Thursday 3 July 2014

A Silver Skyscraper, A Green Seagull and A Redhead

The day dawned cloudy and warm.  My mom, my sister and I took the bus to the Navy Pier for an architectural cruise on the Chicago River.  I chatted with a native Chicagoan named Patty while we waited for the boat to arrive.

We climbed aboard and a friendly tour guide named Sarah introduced herself.  The language major, a.k.a. the architect nerd, reminded me of a modern day Peppermint Patty.  She led us along the river, giving us valuable details about each skyscraper we passed.  I admired Sarah's spunk.  She refused to call the Willis Tower anything but the Sears Tower, a name it held for most of its existence.

Sarah told us that the Civic Opera House, a beautiful stone edifice, was financed by a wealthy businessman whose girlfriend had failed an audition for the Metropolitan Opera in New York City.  The building had its back to the Big Apple, as a sign of defiance.  But the Stock Market Crash of 1929 led to this businessman losing his shirt.  Sarah said:  "That's what you get when you build a building for your mistress instead of your wife!"

We sailed past the Great Lakes Building where Abraham Lincoln was nominated for the presidency of the United States.  It's hard to believe that such a big piece of history took place on the banks of the Chicago River.

Sarah recounted the story of the green and gold building with the marble lobby where "Al Brown" (a.k.a. Al Capone) lived during Prohibition.  She snickered when she told us that Trump's ego was so big he had to put ten foot letters spelling out his name on the side of his silver skyscraper five years after it was built.  I had to admit that it was my favourite building, though.

Sarah told us that the giant X's on the side of the John Hancock Building were not for show, but to hold up the building.  She laughed when she talked about how when the seagulls landed in the green-dyed river on St.
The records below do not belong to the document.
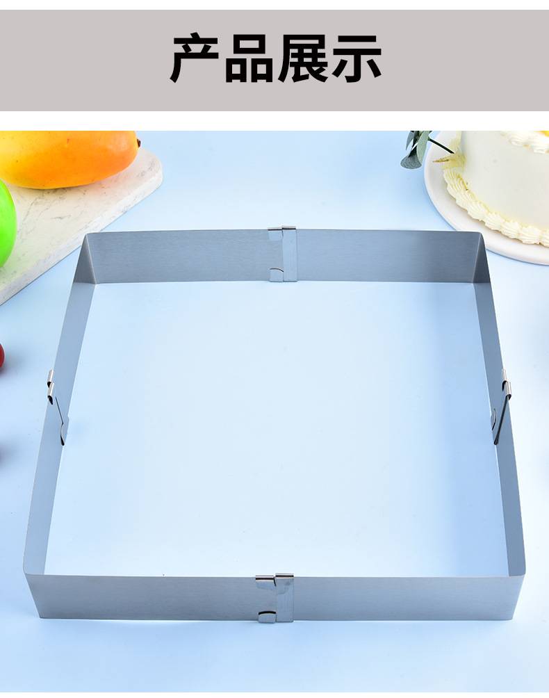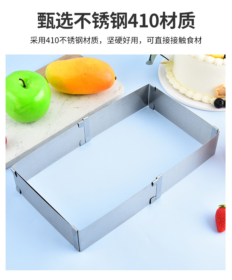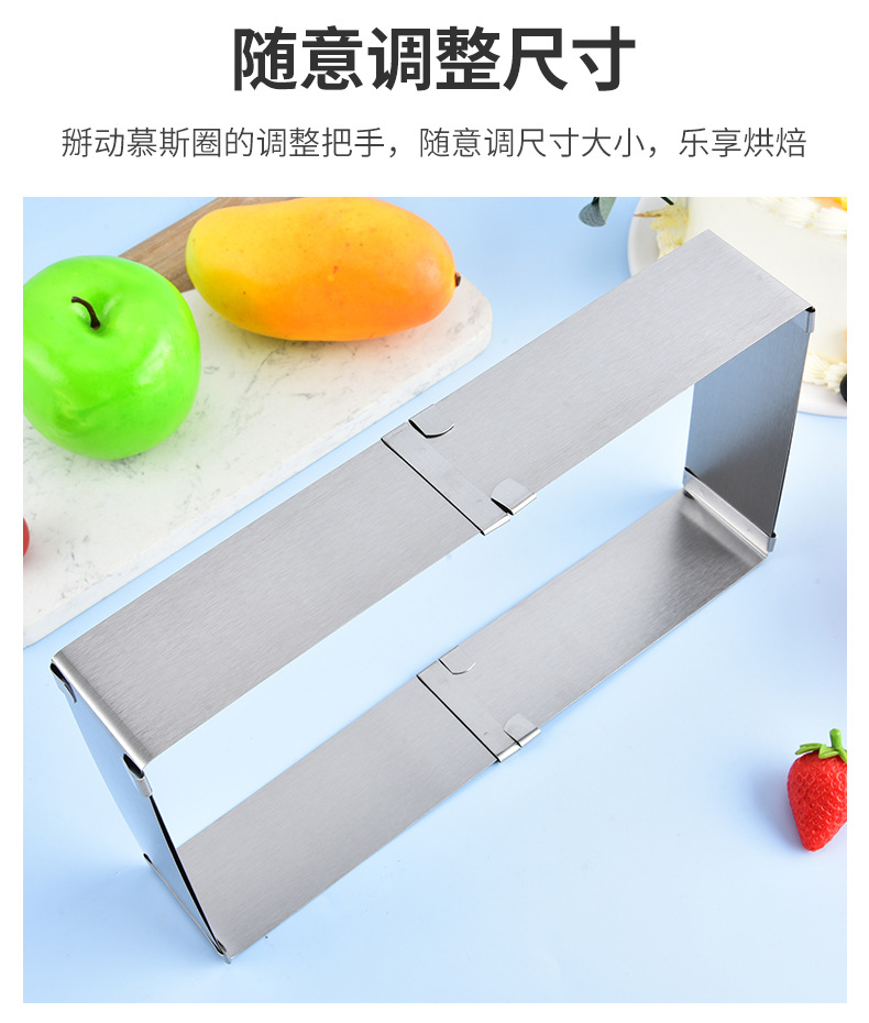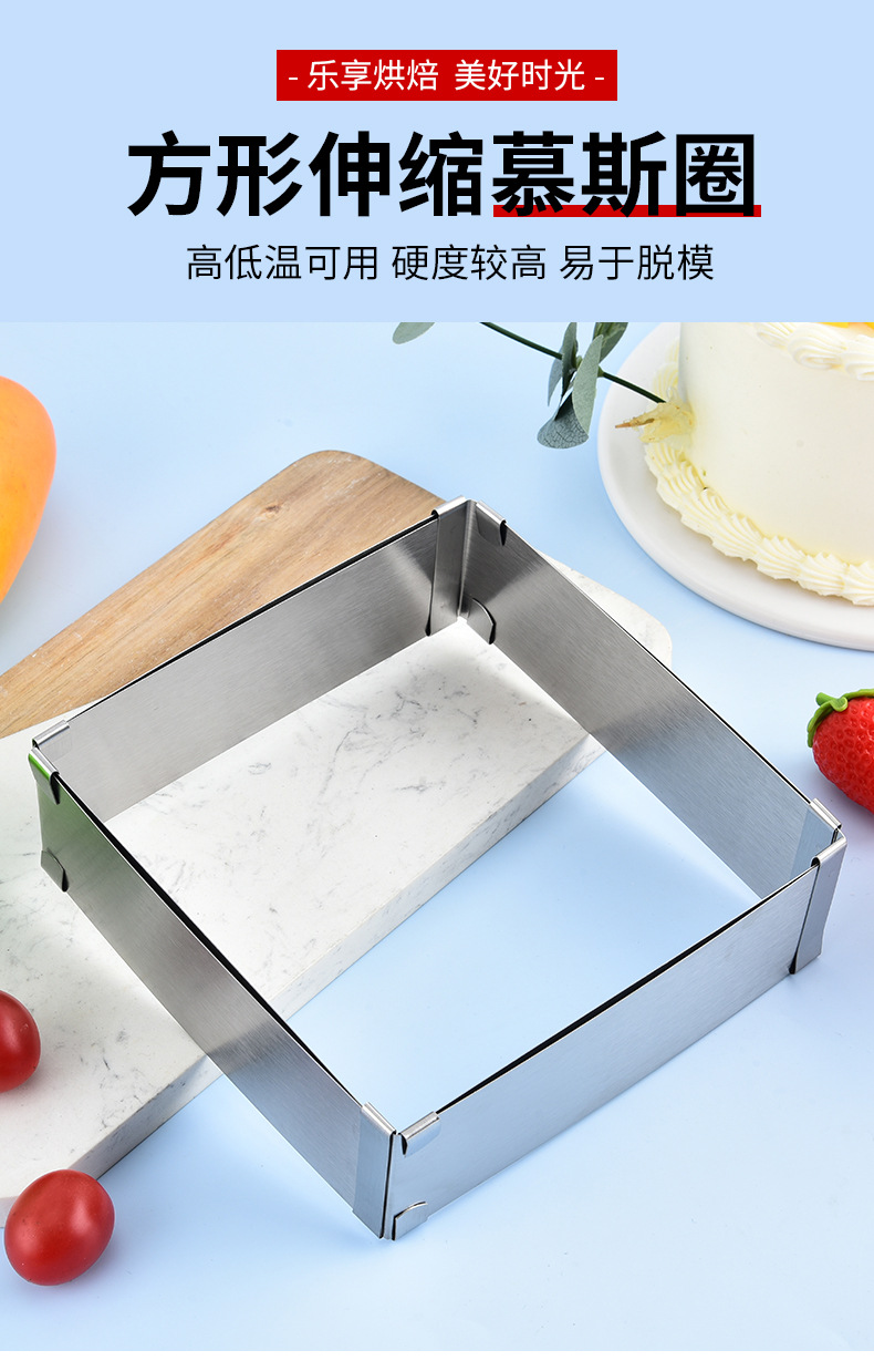 재고 대형 스퀘어 스테인레스 스틸 조정 가능한 텔레스코픽 스퀘어 무스 서클 케이크 금형 DIY 베이킹 금형스토어 가기
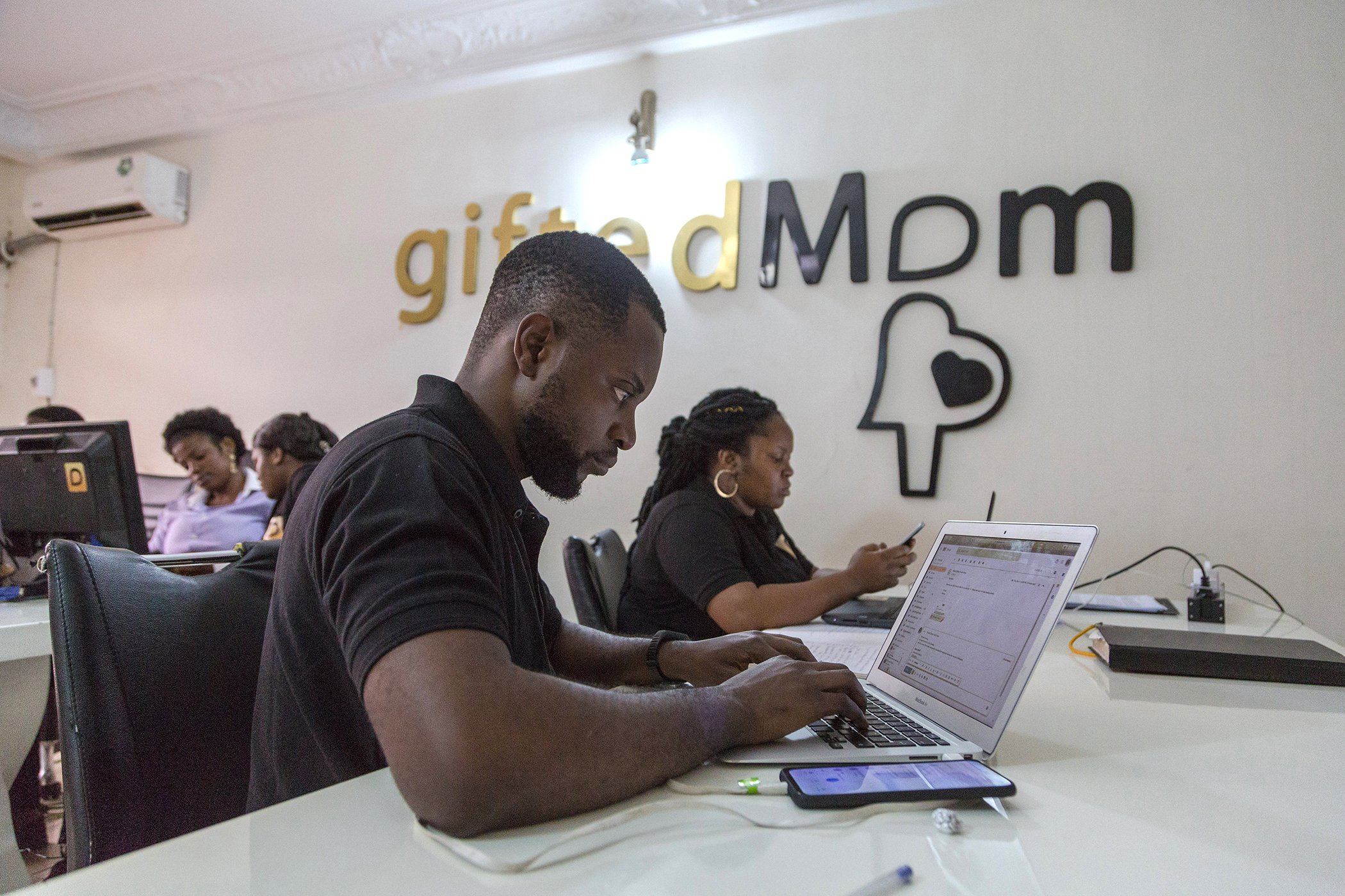 Alain Nteff works wit his team at the GiftedMom HQ in the Melen district of Yaoundé, Cameroon in . November 2019.
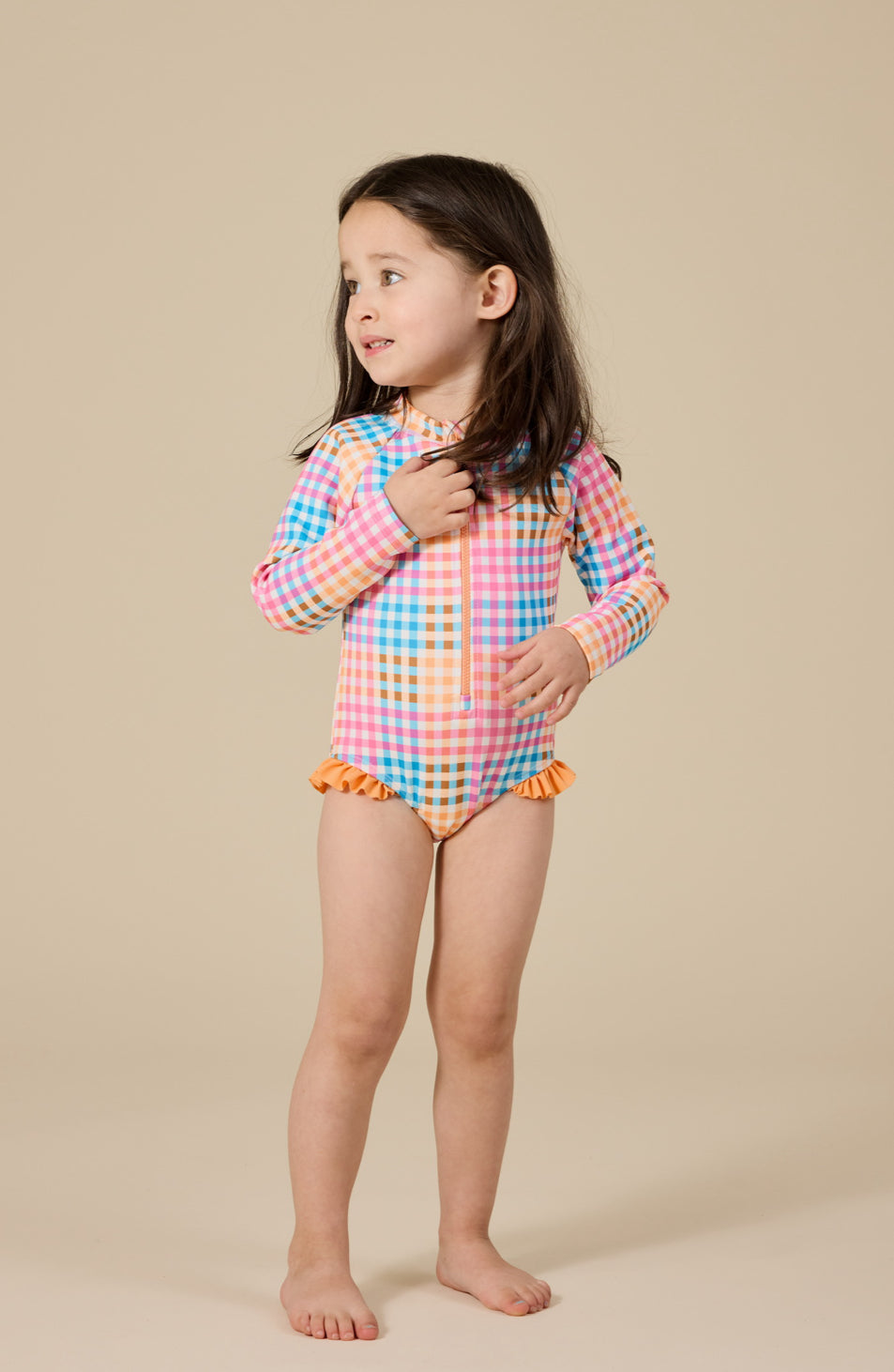 Goldie + Ace - Long Sleeve Frill Swimsuit (Rainbow Gingham)
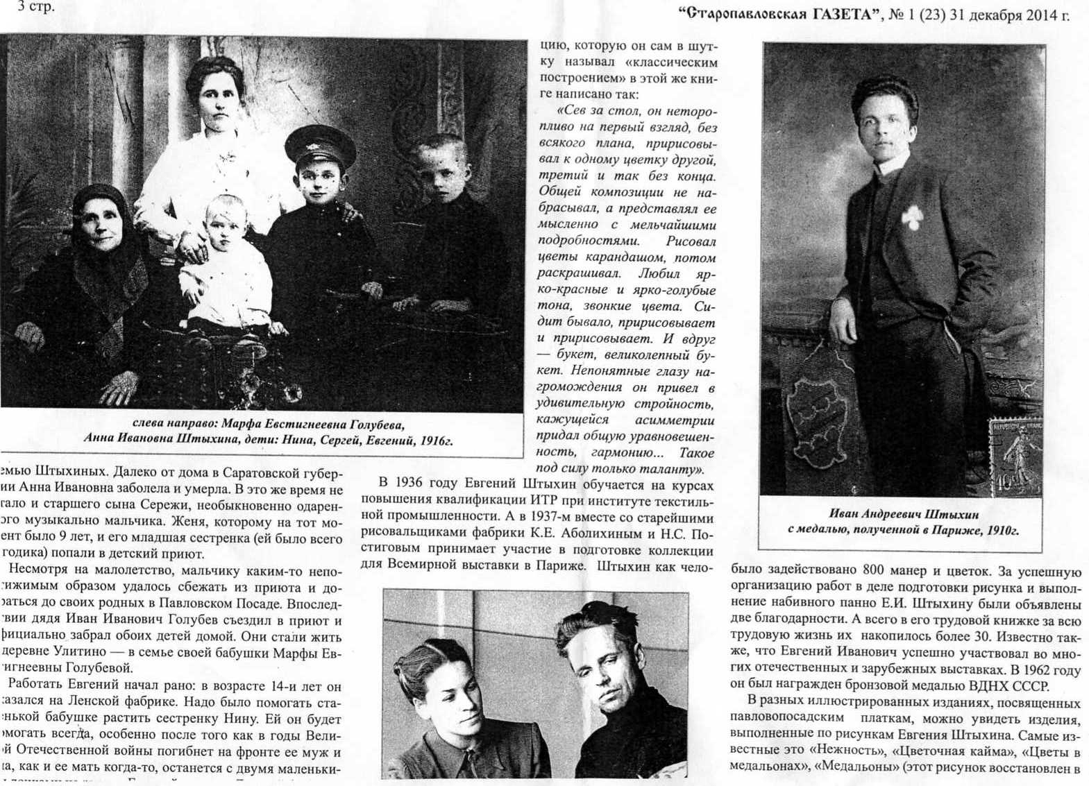 Попал в мои руки материал об Евгении Ивановиче Штыхине. Ксерокопия не очень хорошего качества статьи Т.А. Постиговой из "Старопавловской газеты", № 1(23) от 31 декабря 2014 г. Он настолько интересен, что размещаю сканы здесь. Если бы platki помог найти этот материал в виде хорошего скана газеты - была бы очень благодарна. Больше всего жаль, что пострадала фотография молоденькой Е.П. Регуновой, запечатленной рядом со Штыхиным. Но, что есть - то есть.
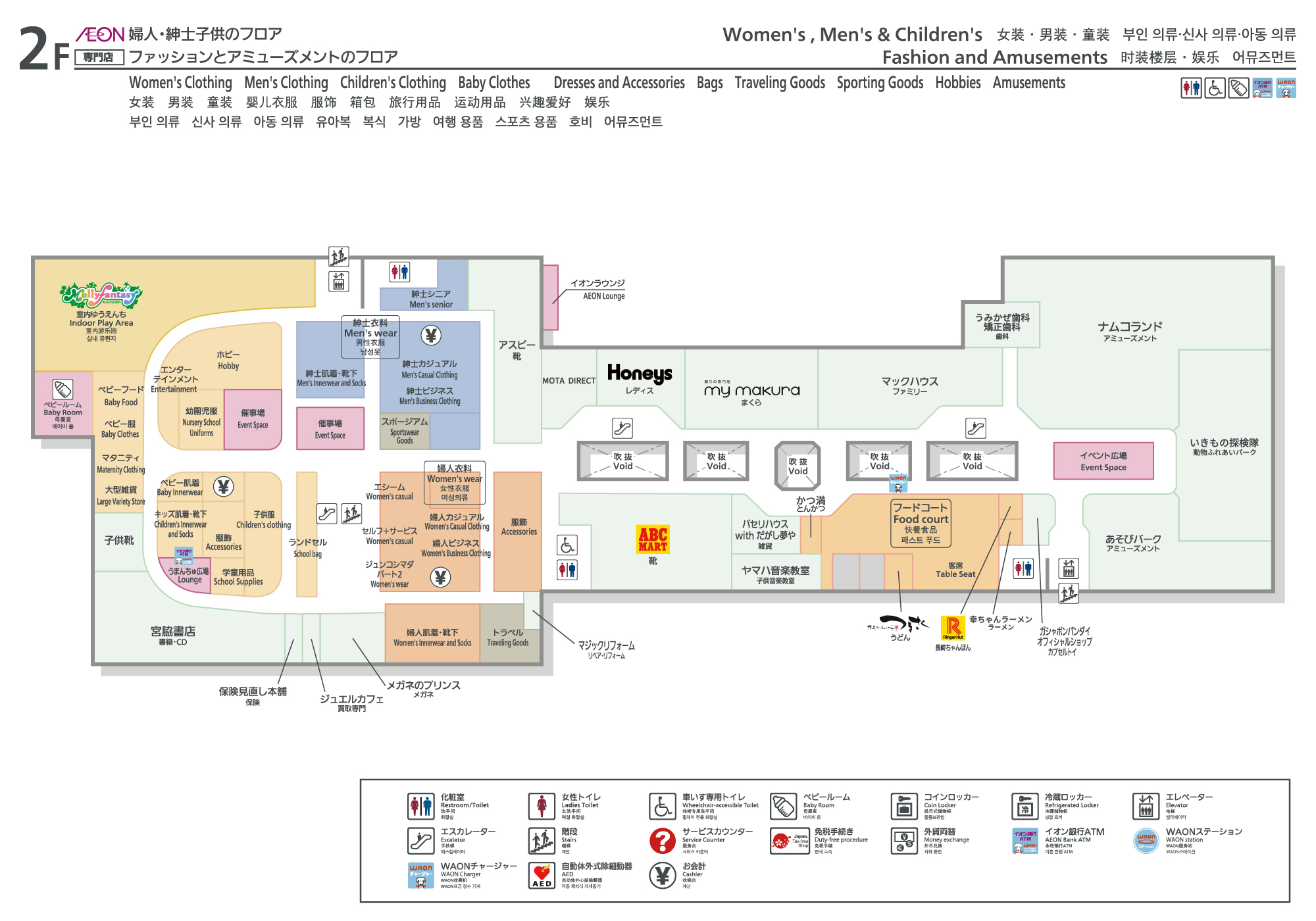 ・衣料品、化粧品、暮らしの品売場、サービスカウンター
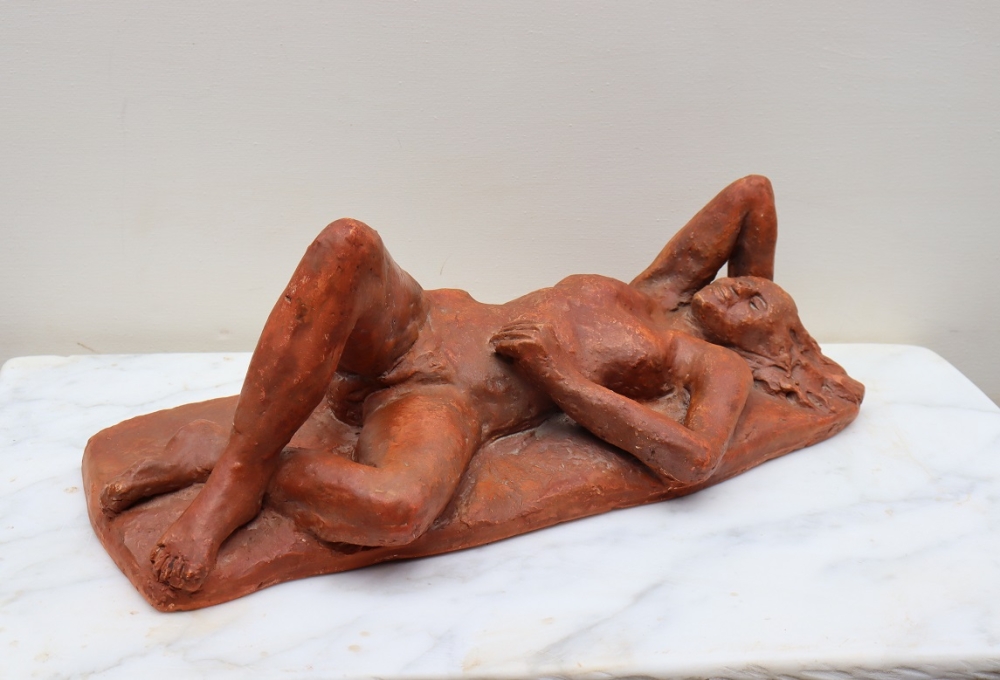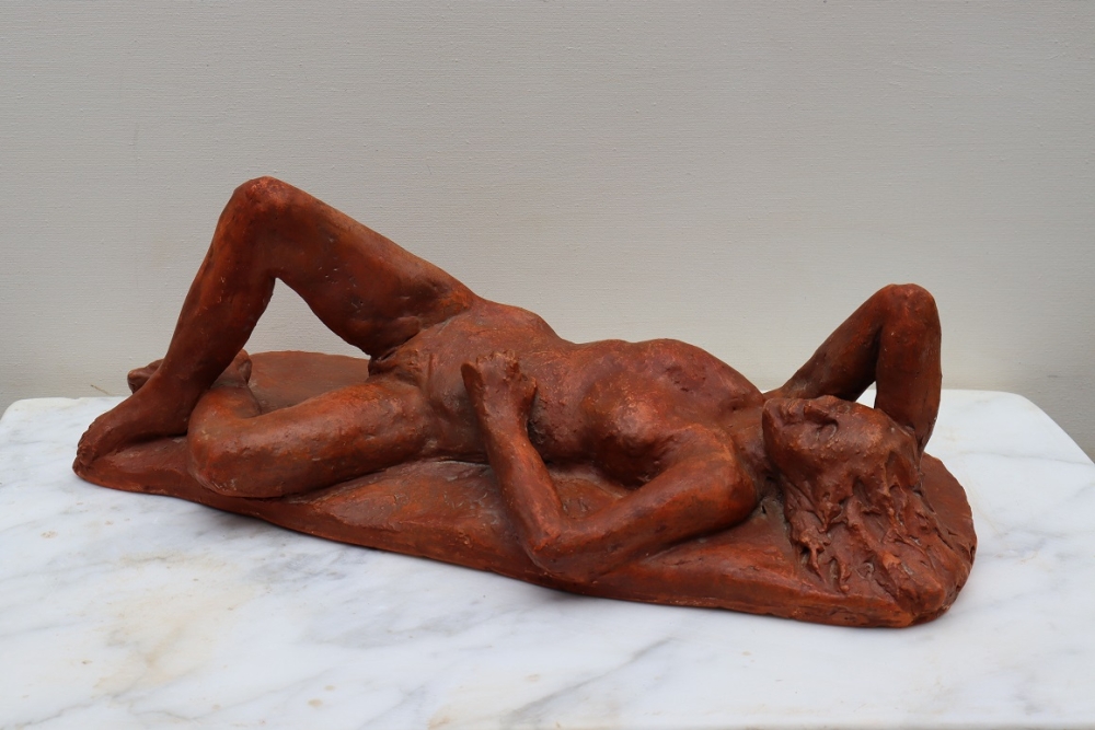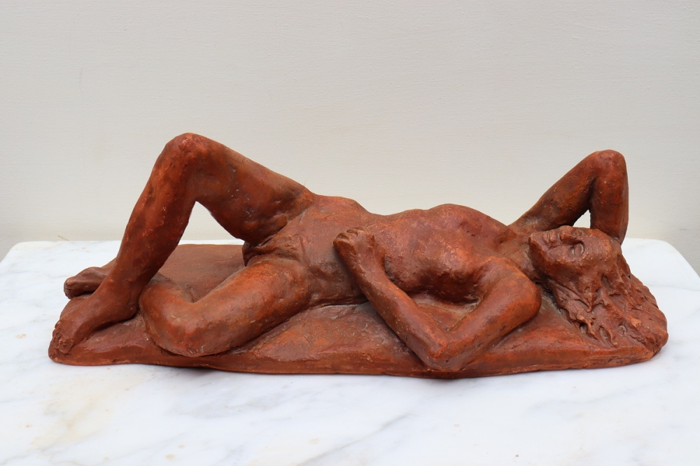 Vrouw in Rust Relaxing Woman Unicum Ook geschikt voor buiten Gewicht 4.7 kg Chantalle Smeets is na 4 jaar WIK (wet inkomensuitkering kunstenaar) in Maastricht Nederland, 20 jaar actief als professioneel kunstenaar. Samen met Martiene Stevens (haar partner en ook kunstenaar), beheren zij Kunsthuis Trobar Riemst (B). Chantalle Smeets heeft gedurende die jaren een geheel eigen stijl ontwikkeld, Hetgeen zichtbaar wordt in haar beelden van brons,steen,keramiek en hout. Haar inspiratie bron is de natuur. Zij heeft geëxposeerd bij diverse galeries en kastelen (ook beeldentuinen) in Nederland en België. Naast haar sculpturen in diverse afmetingen exposeert ze ook schilderijen op doek en paneel in gemengde technieken.
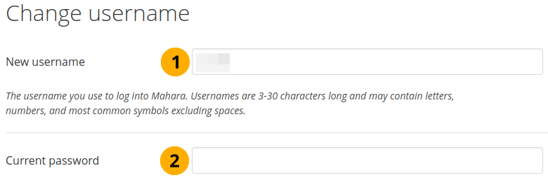 You need a username to log in to Mahara. If your account is not managed by single-sign on or another authentication method, you see this box with your current username in it. You can change your username at any time.

Patrick's day, they flew away with green bellies.

Our view from the boat was breathtaking.  Sarah explained that the river had no less than 37 bridges spanning its banks, all in the double leaf bascule trunion style.  The boat passed under the last of the bridges and we headed back to the mouth of the river.  We thanked Sarah and disembarked, but not before my sister Laurie tipped her in recognition of her fantastic commentary.  What a great way to see the city of Chicago!